### What to work on
Your answer should be the lines from the one with "追觅(dreame)H30 Ultra无线智能洗地机热水自清洁180°平躺热烘双助力吸尘吸拖扫一体机 【1台顶5台】H30" to the end of the data below, both included, exact and free of pictures.

### Information shown

::::

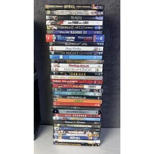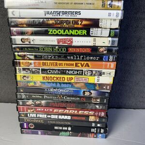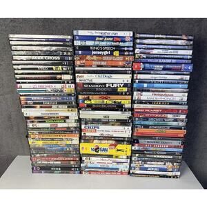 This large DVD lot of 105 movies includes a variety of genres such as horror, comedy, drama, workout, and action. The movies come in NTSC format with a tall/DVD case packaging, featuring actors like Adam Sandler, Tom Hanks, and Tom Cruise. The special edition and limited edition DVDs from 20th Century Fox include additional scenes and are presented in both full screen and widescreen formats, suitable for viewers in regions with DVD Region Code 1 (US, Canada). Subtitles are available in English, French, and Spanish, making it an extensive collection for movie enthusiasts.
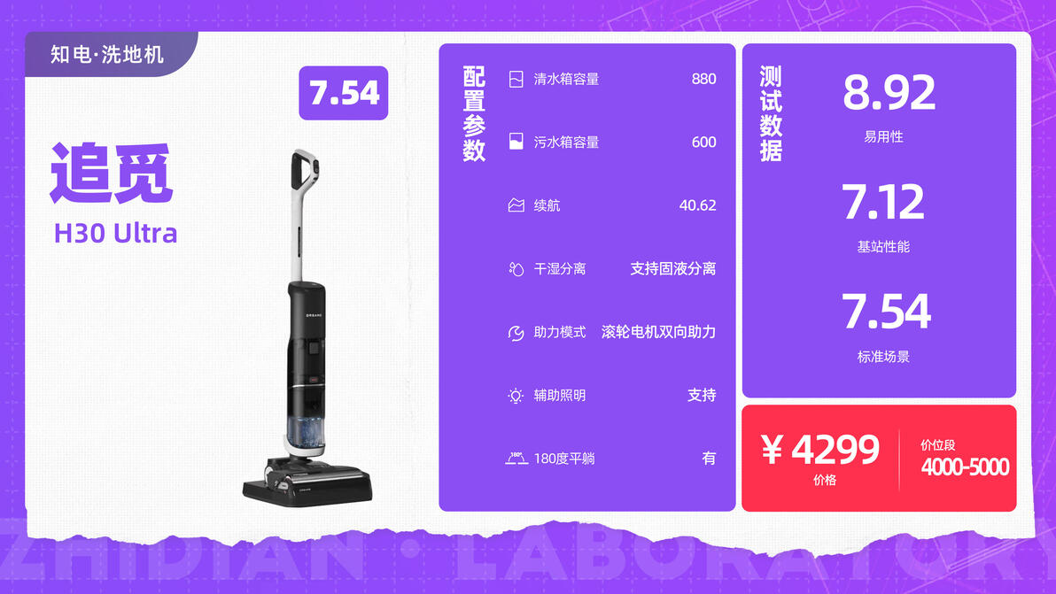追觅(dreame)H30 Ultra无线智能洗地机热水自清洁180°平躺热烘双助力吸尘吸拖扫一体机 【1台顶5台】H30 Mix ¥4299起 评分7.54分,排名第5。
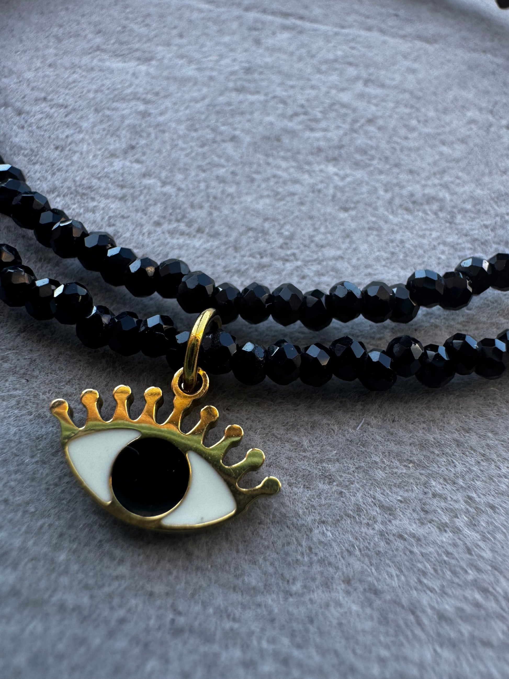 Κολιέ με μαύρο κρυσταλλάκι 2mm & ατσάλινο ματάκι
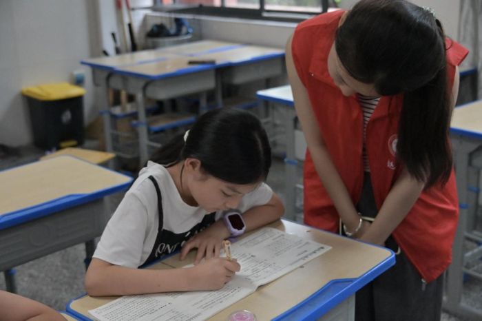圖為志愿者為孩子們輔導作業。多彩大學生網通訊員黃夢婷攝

::::

### Result below
追觅(dreame)H30 Ultra无线智能洗地机热水自清洁180°平躺热烘双助力吸尘吸拖扫一体机 【1台顶5台】H30 Mix ¥4299起 评分7.54分,排名第5。
 Κολιέ με μαύρο κρυσταλλάκι 2mm & ατσάλινο ματάκι
圖為志愿者為孩子們輔導作業。多彩大學生網通訊員黃夢婷攝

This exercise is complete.